By every account, the projection of Narendra Modi as the next Prime Minister has catapulted the Bharatiya Janata Party from nowhere to number one position in the coming general election. But try as it might, the BJP has not been able to paper over its own internal dissensions coinciding with the rising national profile of the Gujarat Chief Minister. Over the past year, Mr. Modi has incrementally asserted his authority within the BJP, bolstered by his popularity with the rank and file and the overt support he has got from the Rashtriya Swayamsevak Sangh. The Gujarat Chief Minister’s reputation as a unilateralist precedes him, and his promotion to prime ministerial candidate has reinforced the impression that he would have his way even at the cost of injuring the self-respect of party elders, even those who have made stellar contributions to its growth. The BJP’s founder-leader, L.K. Advani, has been overruled time and again, and Sushma Swaraj, with an impressive record in Parliament, has not fared any better.

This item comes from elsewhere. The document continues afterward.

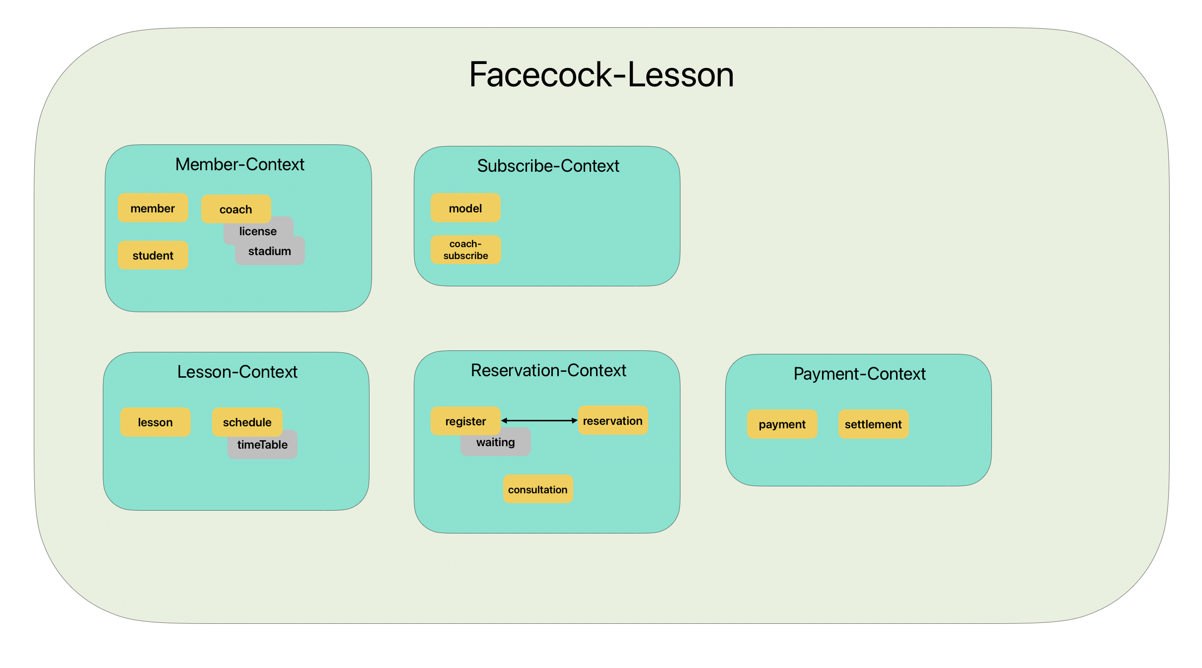 위에서 추출한 키워드를 Bounded Context로 정의해도 무리가 없다고 생각했다.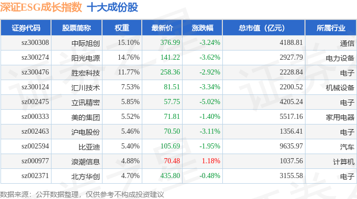 深证ESG成长(970060)指数十大成份股详情如下:

Mr. Modi was elevated to prime minister-in-waiting over the objections of Mr. Advani. The internal discomfiture has been especially evident during ticket allotment, with little deference shown to veterans. Ms. Swaraj has publicly objected to the party ticket going to tainted candidates, and Murli Manohar Joshi has barely concealed his annoyance at being summarily evicted from the Varanasi seat to make way for Mr. Modi. Admittedly, it is the prerogative of the prime ministerial nominee to contest from a place of his choice. It is also reasonable to expect that Mr. Modi’s candidature from the holy city would favourably impact the party’s prospects in the Hindi belt. But Mr. Joshi appears to have been offended not so much by his having to vacate the Varanasi seat as by the manner in which the mission was accomplished. Mr. Advani has been refused a transfer to Bhopal on the grounds that he has won five consecutive elections from Gandhinagar in Gujarat. But if that was indeed the case, there was no reason for the party’s Central Election Committee led by Mr. Modi to have deferred announcing his name until Mr. Advani, in frustration, asked for a change. It was evident that the former Deputy Prime Minister felt more secure about contesting from Bhopal which falls in the friendlier domain of Madhya Pradesh Chief Minister Shivraj Singh Chouhan. In the event, it took an entire day of drama and much coaxing and cajoling by BJP president Rajnath Singh before Mr. Advani of his own accord agreed to stay back in Gandhinagar. As Mr. Modi forges ahead in the electoral race, he will do well to ensure that his own party is on board with him.